La blanche marguerite avec le bouton d’or
Tapissent les prés verts au réveil du printemps ;
Déjà, le paysan qui s’inquiète du temps
Veut labourer son champ après ces bouts de mort.
Sont les forsythias jaunes les tout premiers
A venir dans les haies et dans les buissons bruns ;
On rencontre déjà des traînées de parfums
Exhalées des forêts et des fleurs de pommiers.
Ce que je vois de mes yeux et sens de mon nez
Seront peut-être à vous, chers enfants de demain
Qui prendrez des gouttes de tout entre vos mains
D’enfants à naître et que j’aimerais tant voir nés.
J’ai subi les hivers, supporté les étés
Que vous traverserez non sans quelques soucis
En humant les pensées à côté des soucis,
Inoffensives fleurs de gracieusetés.
Les déserts s’étendront jusqu’en Scandinavie,
Les océans captureront les continents ;
Tout le reste, médiocre, ira incontinent
Jusqu’à l’étouffement d’un embryon de vie.

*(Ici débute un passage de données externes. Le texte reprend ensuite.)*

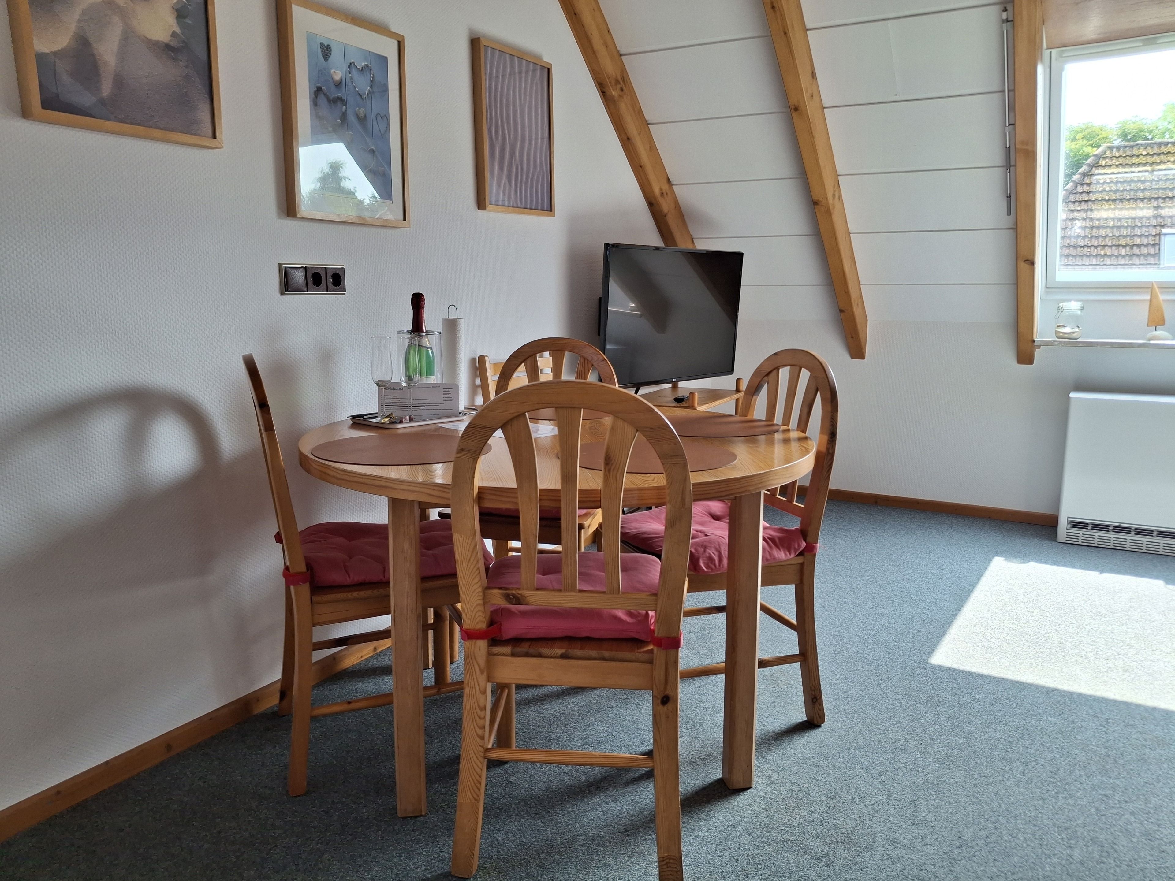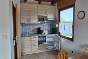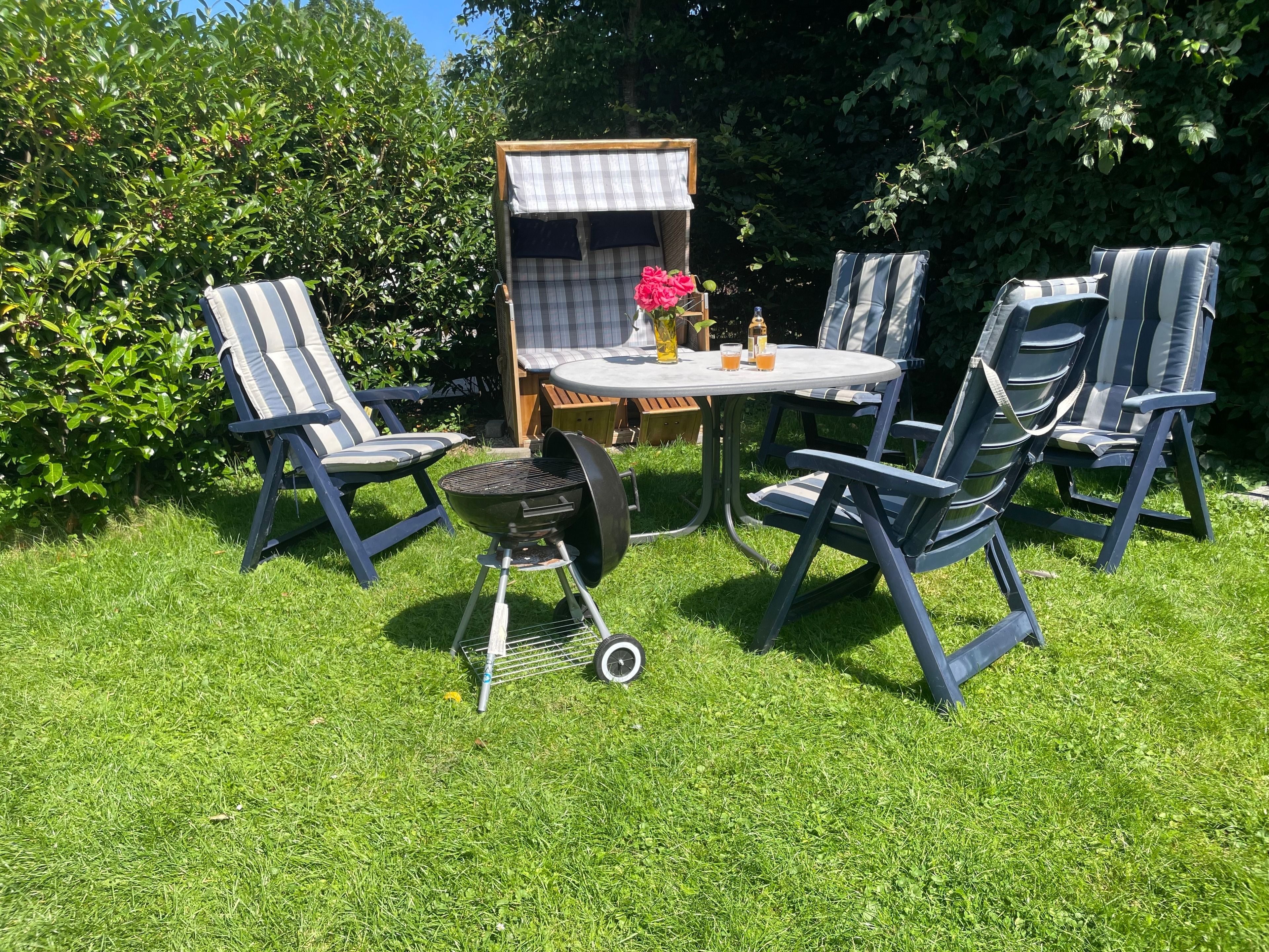 Diese Ferienwohnung befindet sich im 1. Geschoss ohne Balkon. Zu der Wohnung gehört eine separate Sitzecke im Garten. Diese ist ausgestattet mit Strandkorb, Gartenmöbeln, Sitzauflagen, Sonnenschirm und Grill.

Alors, je me dépêche d’écrire ces vers
Que vous lirez – qui sait - quand je ne serai plus
Ou courbatu ou de rhumatismes perclus,
La peau ridée et sèche et mes yeux de travers.
Nous avons, par hasard, tué des pies rainées
Et quelques ruminants qui tondaient les gazons.
Il nous reste un isard perdu à l’horizon,
Blond, fier et dominant sur les monts Pyrénées.
Le parc automobile est encore immobile
Tout autant dans le neuf que dans l’occasion
Où s’observent de nombreuses transactions
De même que dans la téléphonie mobile.
Ma fille pleure la Cordillère des Andes
En dévorant des blocs de hachis Parmentier
Accompagnés d’un bon jambon de Parme entier
Que l’on a fait fumer au pin rare des Landes.
Je crois que c’est fini pour Johnny Hallyday,
Vous le verrez passer aux actualités ;
Il a, hélas, été longuement alité
Et de son décès, avait jauni à l’idée.
Jean Ferrat s’est éteint la veille d’un scrutin
Après avoir chanté l’amour, la liberté,
Le chemin incertain que l’âme a déserté
Quand le corps veut toujours gras festin, gros butin.
D’autres mourront peut-être à la fin de leur vie
A moins que celle-ci dure éternellement ;
Si une âme le dit, dites-vous : elle ment ;
Car, à mon avis, son raisonnement dévie.
Le Mont Blanc n’est plus blanc, au Ventoux, tout se vend ;
Paris n’a plus d’oiseaux dans la rue Vaugirard,
Les rats de ses égouts le soir font le chambard
Et l’on respire un air dont se moque le vent.
Dodo, les enfants do, nés dans les beaux châteaux,
Après Charles Aznavour, vivrez-vous une crise ?
Au sommet du gâteau on vous met la cerise
Et de la mer vous ne voyez que les bateaux.
Connaîtrez-vous le lait de nos bovidés roux,
Le tordu salsifis, l’amer du pissenlit,
Les édredons épais qui écrasent le lit,
La bille qu’il suffit de pousser dans le trou ?
Vous nous épaterez, j’en mets ma main au feu,
Enfin, pas tout à fait, juste à vingt centimètres.
Peut-être aurez-vous su ou pu chasser vos maîtres
Qui vont ont bassinés : « Demain, ça ira mieux ! »
Vêtez-vous de bise et couvrez-vous du nuage
Puis dépoitraillez-vous : prenez tout le soleil !
Laissez venir les pluies adoucir votre orteil
Quand vous serez pieds nus sur les chemins sans âge.
Contemplez les forêts : elles repousseront !
Eloignez-vous des mers : regardez-les de haut !
Prenez garde à la bosse qu’elle a dans le dos
La montagne altière avec son ventre rond.
Chantez des chants nouveaux, n’allez pas à l’école,
Soufflez dans des pipeaux et sifflez dans vos doigts ;
Apprenez les oiseaux, pas la règle de trois
Qui n’a pas empêché la bataille d’Arcole.
Ah ! Comme il me ravit ce monstrueux propos
Dur à tenir dans le rire et dans le délire ;
J’ai voulu vous écrire afin de vous élire
Présidents d’une jeunesse bien dans sa peau.